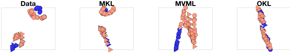
FIGURE 1 – Simple two-view dataset and its transformations - left : original data where one of the views is completely generated from the other by a linear transformation (a shear mapping followed by a rotation), left middle : MKL transformation, right middle : MVML transformation and right : OKL transformation. MVML shows a linear separation of classes (blue/pale red) of the views (circles/triangles), while MKL and OKL do not.

pare our method, MVML, to MKL that considers only within-view dependencies, and to output kernel learning (OKL) [8, 9] where separable kernels are learnt. We generated an extremely simple dataset of two classes and two views in \mathbb{R}^2 , allowing for visualization and understanding of the way the methods perform classification with multi-view data. The second view in the dataset is completely generated from the first, through a linear transformation (a shear mapping followed by a rotation). The generated data and transformation arising from applying the algorithms are shown in Figure 1. The space for transformed data is \mathbb{R}^2 since we used linear kernels for simplicity. Our MVML is the only method giving linear separation of the two classes. This means that it groups the data points into groups based on their class, not view, and thus is able to construct a good approximation of the initial data transformations by which we generated the second view.
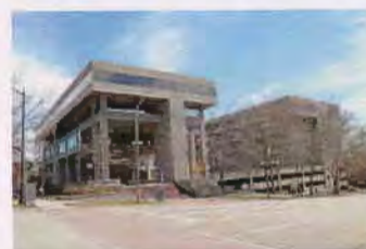
420 E SOUTH TEMPLE OP
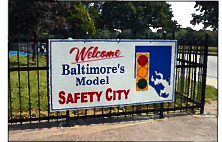
PS & PK students learn to be safe while navigating miniature city streets

Preschool and Pre-K scholars took their first field trip of the year to Safety City in Baltimore, MD. Safety City is a miniature version of Baltimore used to teach children about traffic safety in a realistic, fun and safe setting. The scholars had a great time learning about ways to cross the street, identifying different environmental print (recognizing a traffic sign before you can read), and learning new songs/chants on ways to be safe. The scholars spent an hour at Safety City and had an opportunity to play at one of the "best" playgrounds in Baltimore located in Druid Hill Park.
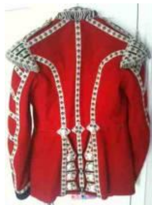
- GREN GDS Drummer's Tunic

The back is cut with side bodies and is trimmed with \frac{3}{4} inch Drummers Lace down the centre back and continuing to the bottom of the skirt, covering the side body and side skirt seam. and a row at each side running from a point slightly behind the neck point to midway between the shoulder point and hindarm pitch at the back. The back skirt has a scalloped slash each side which is trimmed with lace arranged in regimental blocks with a large regimental button plugged through each. Three squares of lace are laid on the waist seam at the top of the back skirt with their points in the waist seam. A button is sewn through the centre of each of the outside squares.
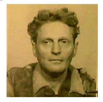
Mug shot of Late Reverend Wurmbrand when held in Jilava.
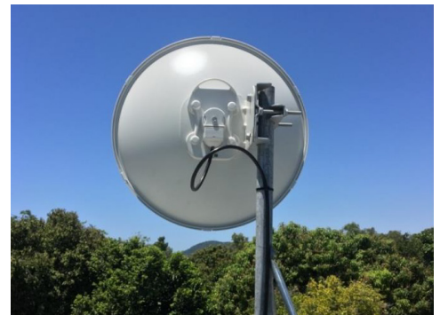
Above is an installer’s point of view. With cnHeat, installers can install the antenna, confirm the connection and move on.

REDFOX CONVERTED ALL THEIR SITES TO CNHEAT , and they use it to pre-qualify all customer service requests. On average, they save $300 for each request whether it is a successful or unsuccessful customer install. Additionally, Redfox identified potential customers from previous install failure attempts and determined which could be offered service through cnHeat. In following up with these opportunities, Redfox has added 15 new customers in a two-month period.
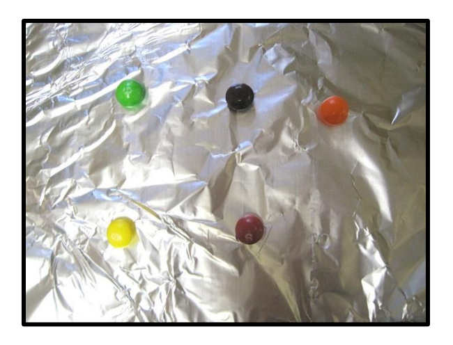
Figure 2: Skittles Soaking in Water Droplets

After completing the steps above, you are ready to place the candy dyes on the coffee filter paper.

ACTIVITY — Skipping the pictures, print the lines in the listing above exactly as written, starting at the line with "420 E SOUTH TEMPLE OP" and ending at the line with "PS & PK students", both included.

RESPONSE TO THE TASK —
420 E SOUTH TEMPLE OP
PS & PK students learn to be safe while navigating miniature city streets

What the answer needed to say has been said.